The National Quality Forum (NQF) has released its Quality Data Set (QDS) report, which addresses the gap between EHR systems and the lack of quality measure specifications in clinical use EHRs.
The report, “Health IT: Automation of Quality Measurement: Quality Data Set and Data Flow,” was drafted by the NQF Health IT Expert Panel (HITEP) and focused on measures for the capture and quality of data for EHRs that need to be more clearly and consistently defined in the wake of the American Recovery and Reinvestment Act (ARRA).

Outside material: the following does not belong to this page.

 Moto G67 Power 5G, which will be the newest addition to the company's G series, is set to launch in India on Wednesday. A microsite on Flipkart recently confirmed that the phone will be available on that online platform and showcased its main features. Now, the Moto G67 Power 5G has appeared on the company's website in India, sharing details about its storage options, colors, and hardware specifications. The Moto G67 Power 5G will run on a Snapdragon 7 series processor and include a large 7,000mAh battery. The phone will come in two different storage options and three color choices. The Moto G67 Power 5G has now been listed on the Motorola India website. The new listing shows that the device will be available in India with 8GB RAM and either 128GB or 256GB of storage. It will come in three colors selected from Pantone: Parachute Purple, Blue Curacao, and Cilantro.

This is the second report from HITEP concerning EHRs. The first recommended 11 data categories and 39 data types for a set of 84 high-priority performance measures to enhance capabilities for the electronic capture of data for quality measurement. That information is now utilized by the Healthcare IT Technology Standards Panel (HITSP) and many of those measures have been incorporated into certification requirements for EHRs by the Certification Commission for Health IT (CCHIT).

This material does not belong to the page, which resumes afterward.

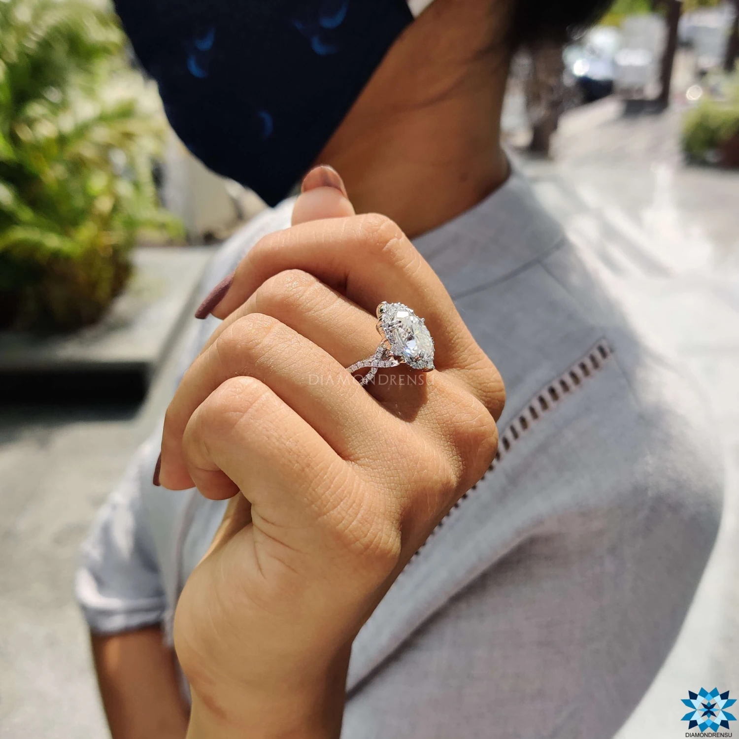 This dashing engagement ring features a graduated diamond halo for a romantic yet dramatic look with a twisted pave shank.

HITEP created two work groups--the QDS Workgroup and the Date Flow Workgroup- to focus on standardizing data elements and creating a framework of characteristics to represent data used within measures based on their representation within EHRs, respectively.
The QDS contains three levels of information: standard elements, quality data elements and data flow attributes.
Standard data refers to information identified by a data element name, a code set and a code list composed of one or more enumerated values. Quality data elements are pieces of information that are used in quality measures to describe part of the clinical process.
Data flow attributes describe the authoritative source for the information that is required to represent any quality data element, including the data source, recorder, setting and health record field.
HITEP offered the following recommendations for further work to enhance the development and use of the QDS and electronic data sources:
- NQF should develop and maintain the QDS; involving all stakeholders;
- Develop measures that use the richness of all available data, focusing on clinical, patient-centered outcomes;
- Communicate with all stakeholders and seek their buy-in, educate and train the quality measure supply chain regarding the QDS and its associated authoring tool;
- Set a timeline for QDS implementation, including demonstrated functionality, workflow assessment and enumerate the essential activities and stakeholders;
- NQF should quickly incorporate the QDS into the Consensus Development Process; and
- Future quality measure development should use the National Priorities and Goals as a guide.
The NQF concluded that future work should include the ongoing maintenance of the QDS, reusable code lists and the development of a measure authoring tool to ease incorporation of the QDS into the quality measurement development process.
The report was supported by the Agency for Healthcare Research and Quality (AHRQ).